■ Task description
Begin your copy at the line with "paper, rubber stamp: Auschwitz, pencil" in the records below and end it at the line with "மூங்கில் குத்துமுனியப்பன் கோவில்", restating each line word for word; omit the pictures.

The data section start

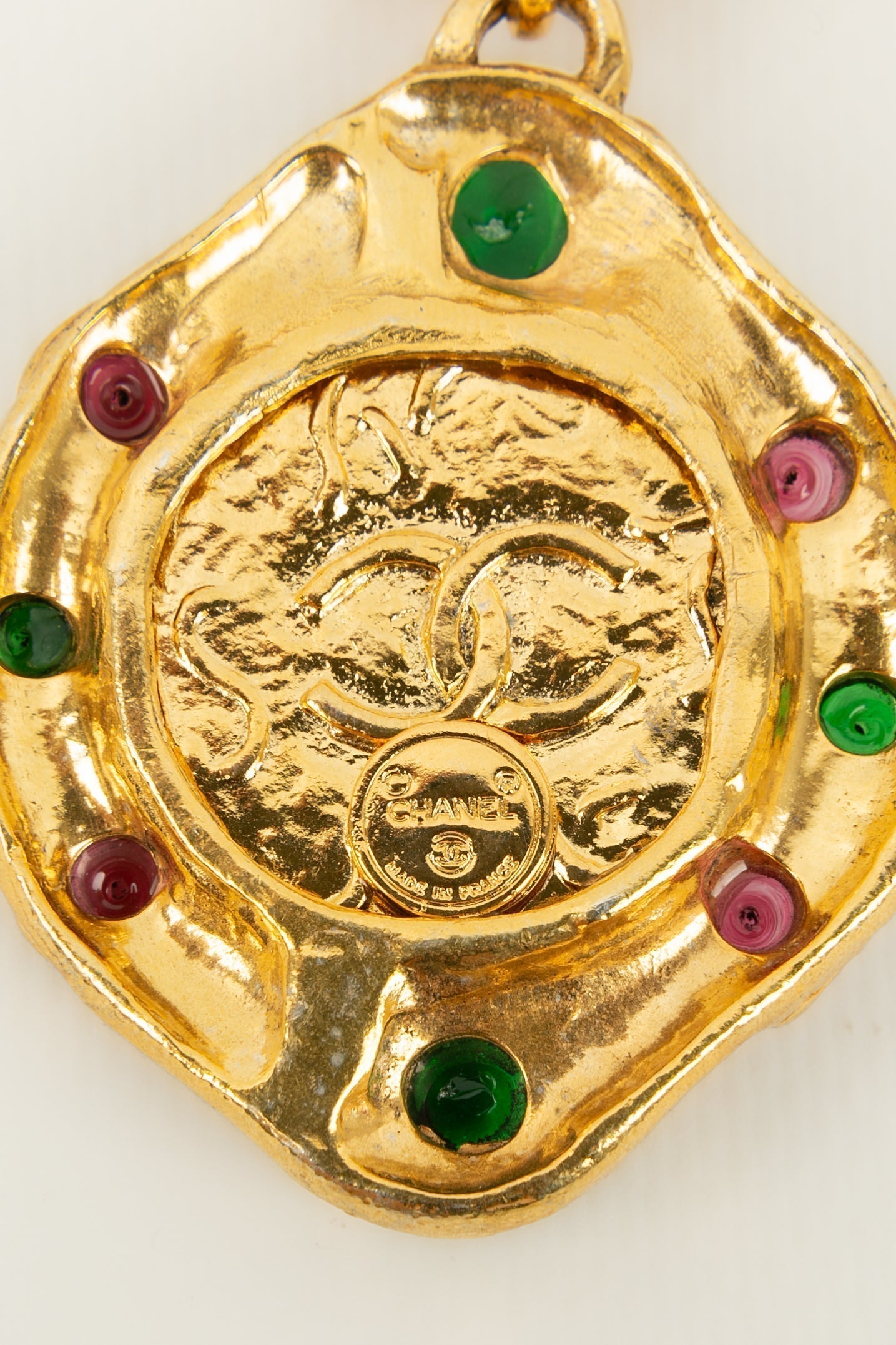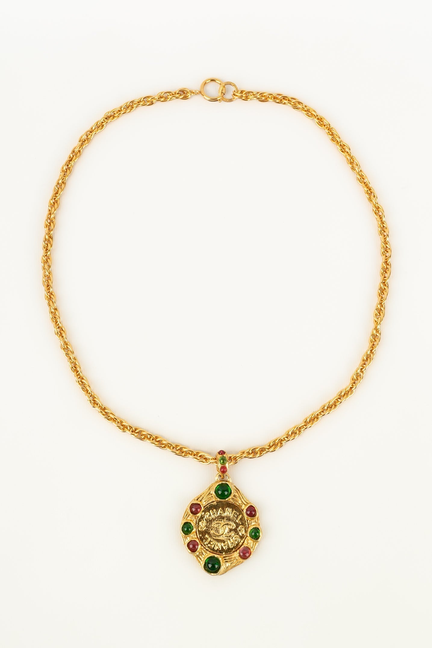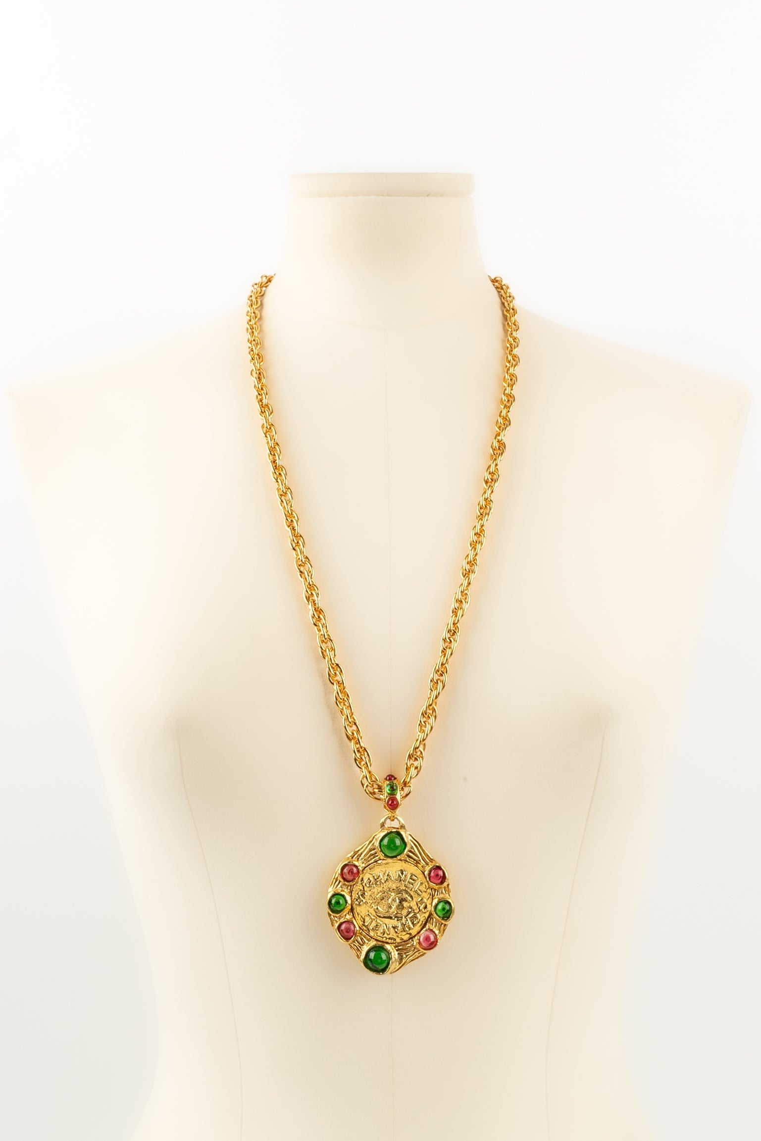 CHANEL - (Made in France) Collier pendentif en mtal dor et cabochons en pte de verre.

The data section end
The data section start

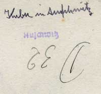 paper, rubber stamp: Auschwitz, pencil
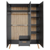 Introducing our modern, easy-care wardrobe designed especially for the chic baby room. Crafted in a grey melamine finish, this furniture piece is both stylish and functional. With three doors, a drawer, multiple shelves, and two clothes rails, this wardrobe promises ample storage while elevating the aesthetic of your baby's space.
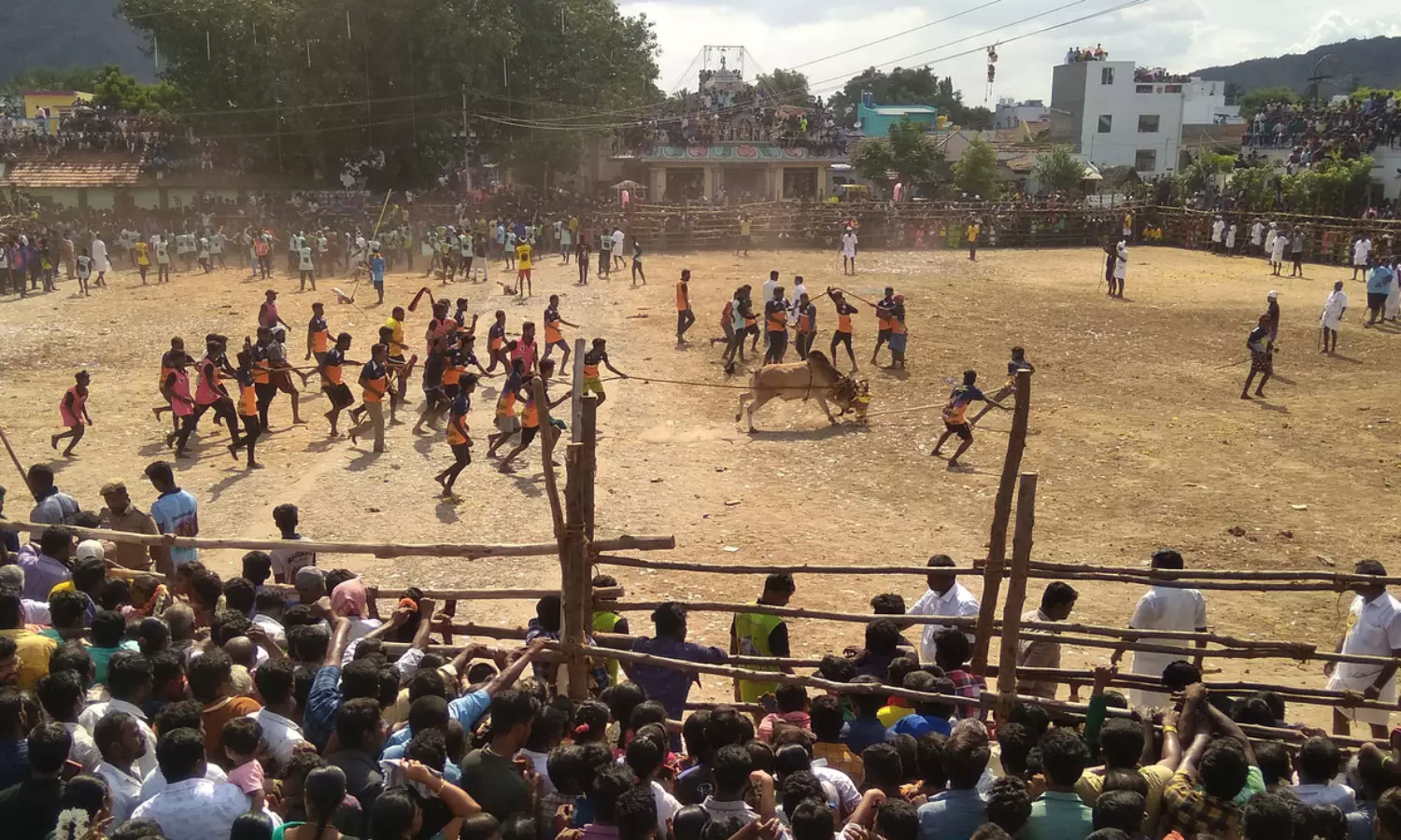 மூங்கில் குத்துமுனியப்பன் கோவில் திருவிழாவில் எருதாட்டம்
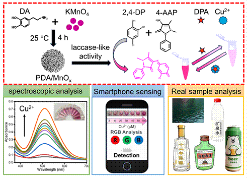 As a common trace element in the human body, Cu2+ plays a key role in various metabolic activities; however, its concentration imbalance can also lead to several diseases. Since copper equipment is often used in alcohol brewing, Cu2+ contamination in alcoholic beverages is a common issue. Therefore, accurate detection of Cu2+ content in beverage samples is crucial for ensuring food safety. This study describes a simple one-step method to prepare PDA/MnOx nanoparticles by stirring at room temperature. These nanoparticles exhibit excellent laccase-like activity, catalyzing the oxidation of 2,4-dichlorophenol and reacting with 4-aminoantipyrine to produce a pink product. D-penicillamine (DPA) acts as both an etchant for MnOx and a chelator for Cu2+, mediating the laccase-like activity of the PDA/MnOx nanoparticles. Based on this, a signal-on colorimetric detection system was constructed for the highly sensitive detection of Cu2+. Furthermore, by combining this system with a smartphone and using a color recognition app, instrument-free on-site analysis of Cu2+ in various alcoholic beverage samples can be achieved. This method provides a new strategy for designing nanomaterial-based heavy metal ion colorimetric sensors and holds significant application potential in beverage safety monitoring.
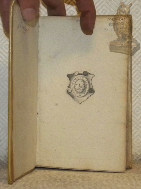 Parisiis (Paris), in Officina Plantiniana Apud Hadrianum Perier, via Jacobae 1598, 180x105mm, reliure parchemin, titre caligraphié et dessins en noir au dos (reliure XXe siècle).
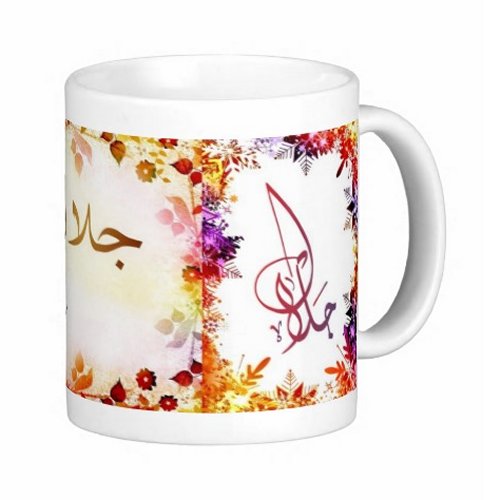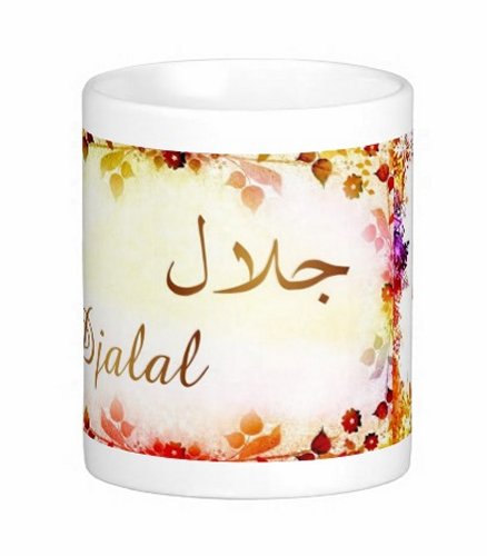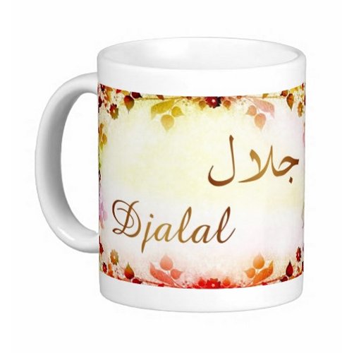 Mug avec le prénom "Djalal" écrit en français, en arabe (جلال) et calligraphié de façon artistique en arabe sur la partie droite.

The data section end
The data section start

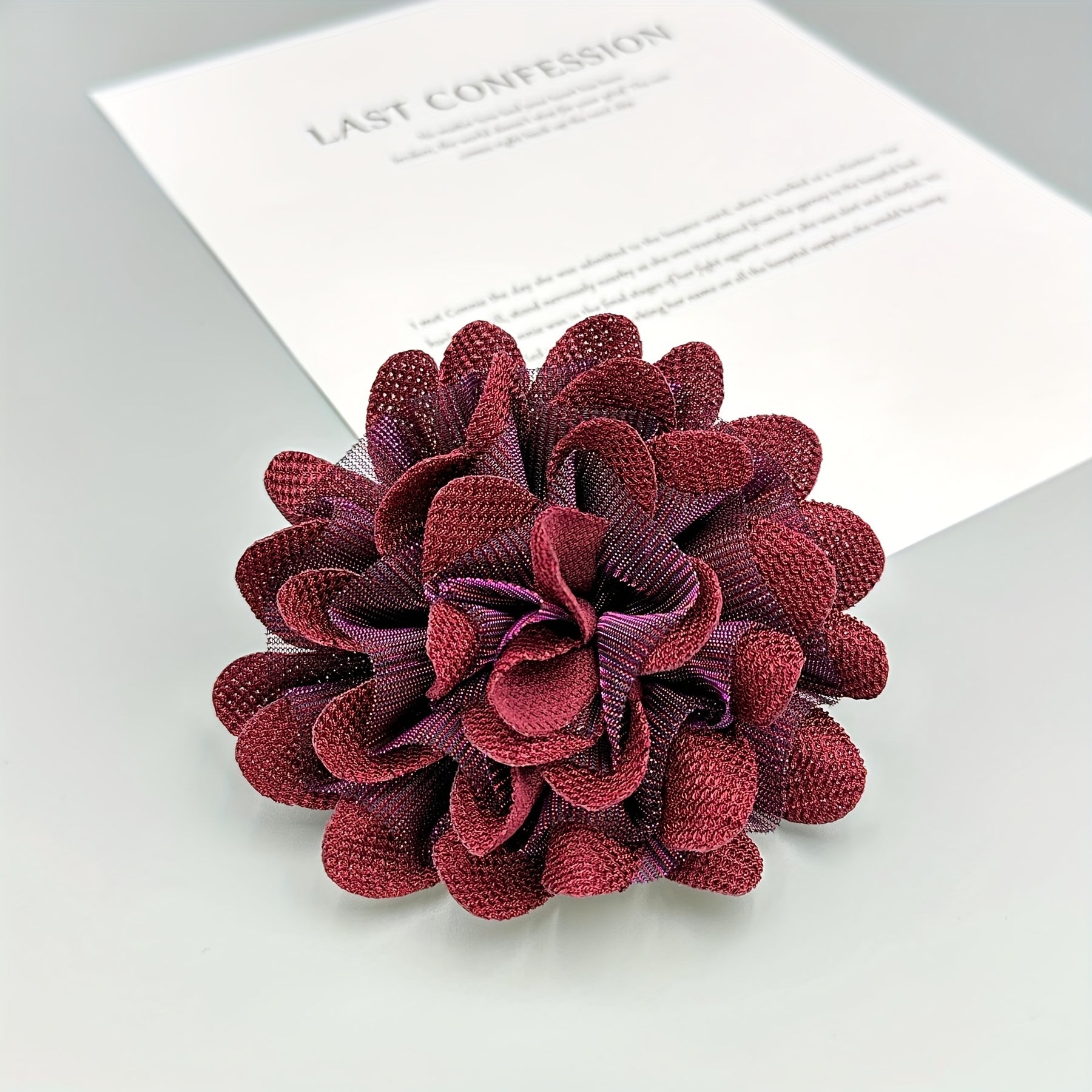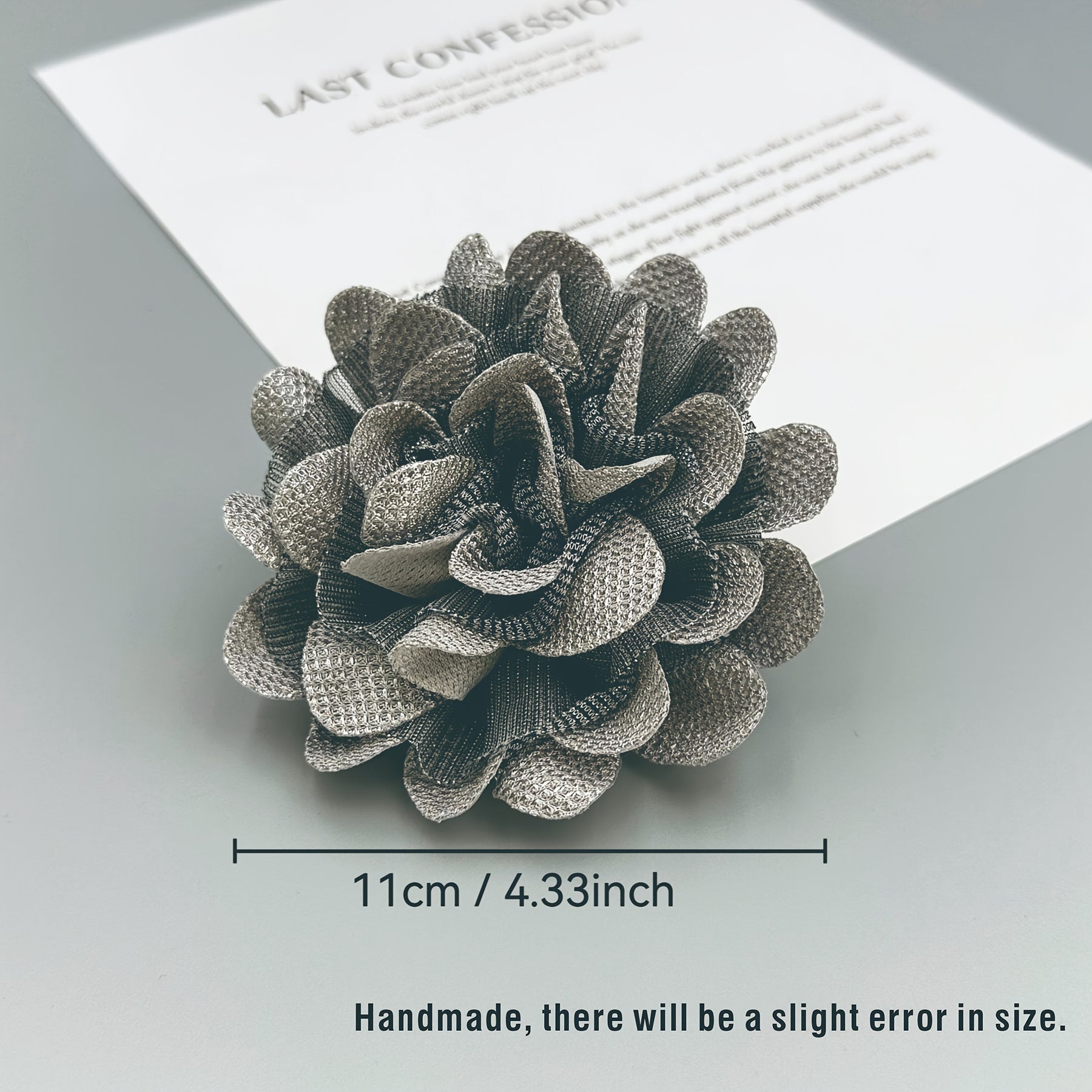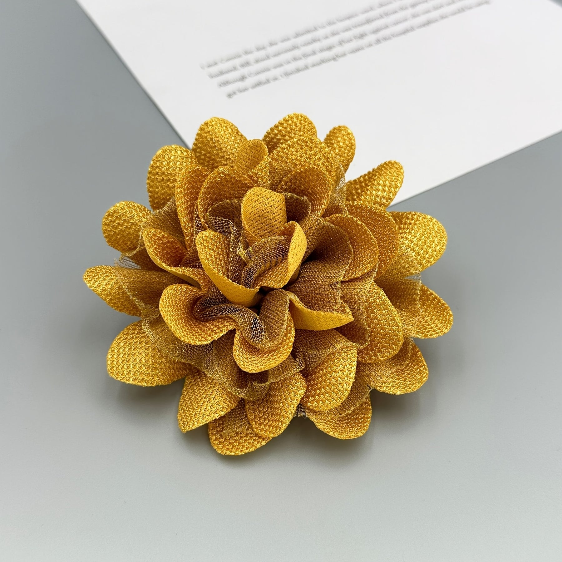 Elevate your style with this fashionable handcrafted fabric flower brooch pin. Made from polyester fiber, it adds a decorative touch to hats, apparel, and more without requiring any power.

The data section end

■ Problem solution
 paper, rubber stamp: Auschwitz, pencil
 Introducing our modern, easy-care wardrobe designed especially for the chic baby room. Crafted in a grey melamine finish, this furniture piece is both stylish and functional. With three doors, a drawer, multiple shelves, and two clothes rails, this wardrobe promises ample storage while elevating the aesthetic of your baby's space.
 மூங்கில் குத்துமுனியப்பன் கோவில் திருவிழாவில் எருதாட்டம்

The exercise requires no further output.